*EXERCISE REQUIREMENTS:* Set down the data below from its first line to the line holding "濰坊市體育運(yùn)動(d", inclusive; omit all pictures.

[Stored dataset items]
========================================================================

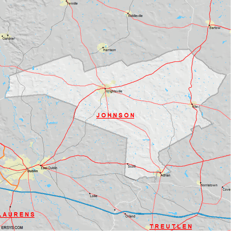 Johnson County, GA (shown in white) has 303.02 mi² of land area and 3.57 mi² of water resources. The county is bordered by:
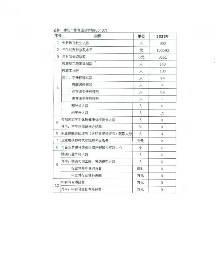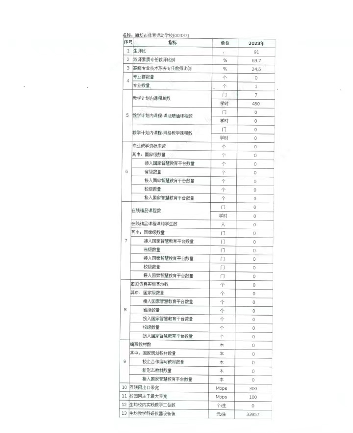 濰坊市體育運(yùn)動(dòng)學(xué)校2023年中等職業(yè)教育質(zhì)量年度報(bào)告
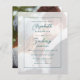 Cette faire-part de mariage simple et minimaliste présente le texte dans un élégant script bleu turquoise et des caractères sans serif, encadrés par un mince rectangle turquoise. Remplacez facilement l'exemple d'image par votre propre photo du couple. Un écran blanc sur la photo aide à faire ressortir le texte. La même photo apparaît sans écran à l'envers.
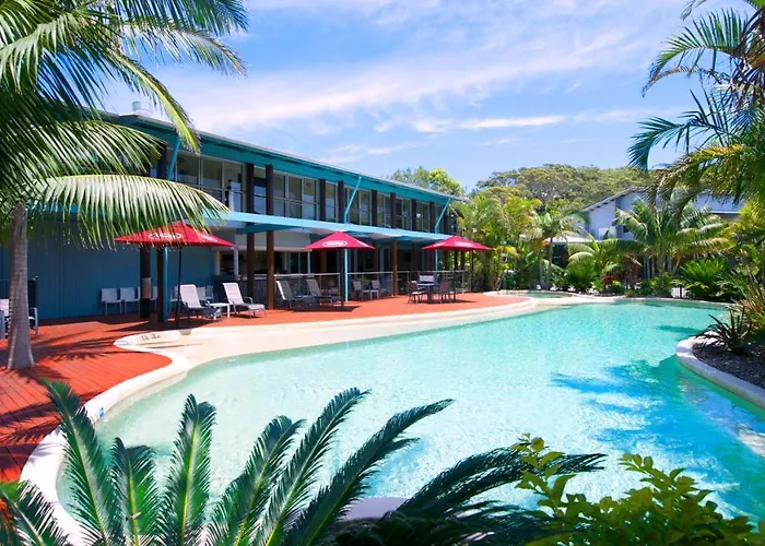 Mobys Beachside Retreat features environmentally friendly beach houses surrounded by tropical gardens. This 4-star Blueys Beach hotel offers a heated lagoon pool, spa, and on-site dining at Sips Restaurant overlooking the pool.
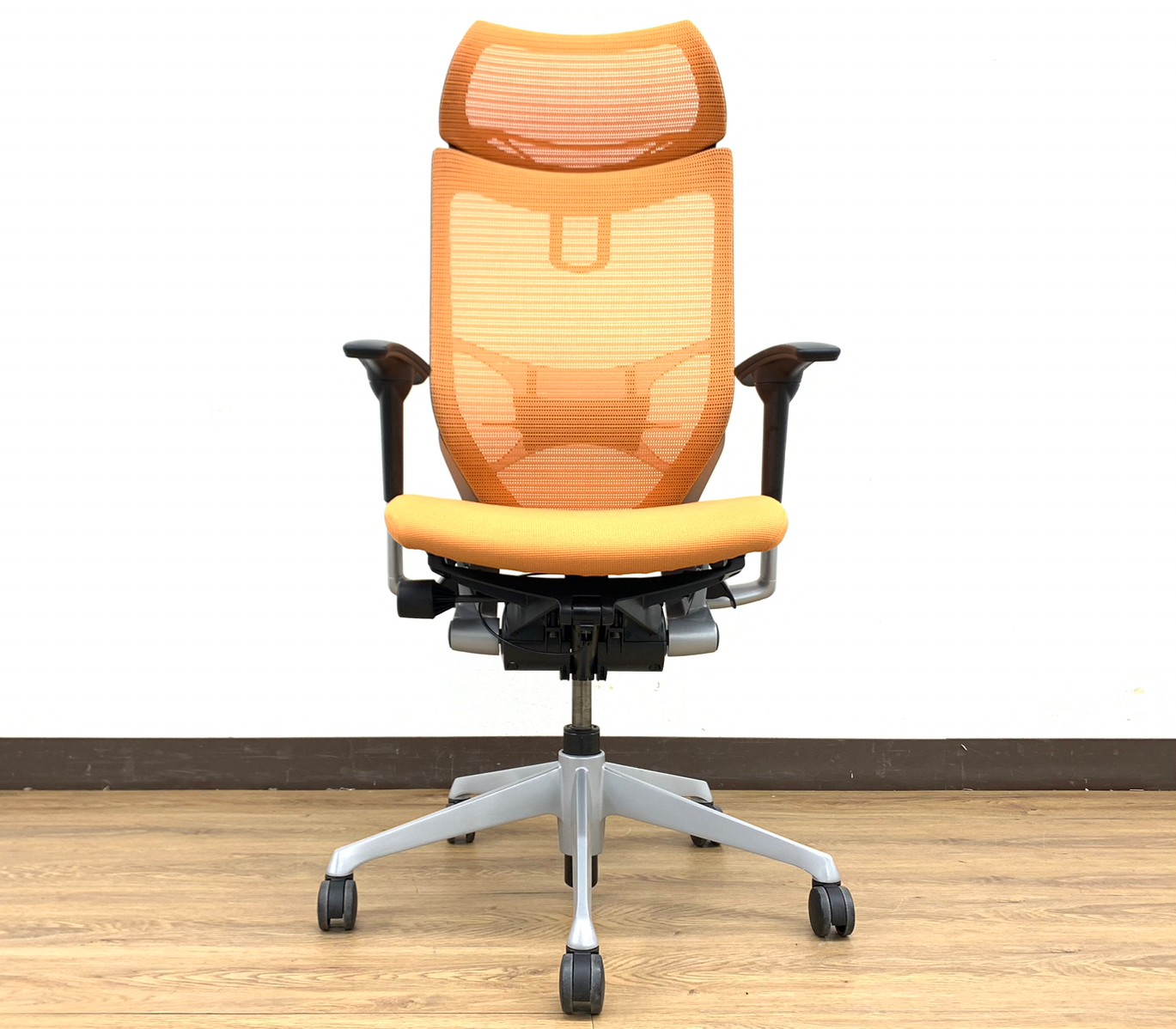 【状態良好Aランク】希少フルオプション!オレンジカラーバロン(Baron)チェア※可動肘かけ&ハンガー&ヘッドレスト付き!シルバーフレーム仕様◆オカムラ製【RP】サーキュラーバリューCO2削減量の算出について
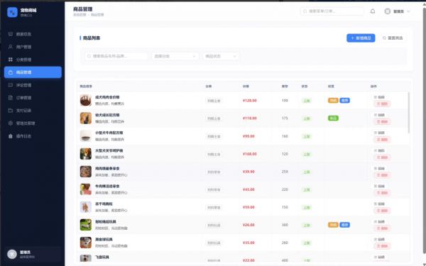 基于上述背景,本课题拟设计并实现一个基于Python+Flask的宠物用品商城系统。系统将集成用户管理、商品展示、购物车、订单处理、在线支付等核心电商功能,同时引入协同过滤推荐算法,通过分析用户浏览、收藏、购买等行为数据,构建用户兴趣模型,实现个性化商品推荐。系统将重点关注宠物消费的特殊场景需求,探索垂直电商领域的智能化转型路径,为宠物主提供更精准、便捷的购物体验,也为宠物用品行业的数字化升级提供技术参考。这一研究不仅是对电商系统开发技术的综合实践,更将推动宠物消费与智能技术的深度融合,具有重要的理论研究价值与广阔的应用前景。

========================================================================

*SOLVED EXERCISE:*
 Johnson County, GA (shown in white) has 303.02 mi² of land area and 3.57 mi² of water resources. The county is bordered by:
 濰坊市體育運(yùn)動(dòng)學(xué)校2023年中等職業(yè)教育質(zhì)量年度報(bào)告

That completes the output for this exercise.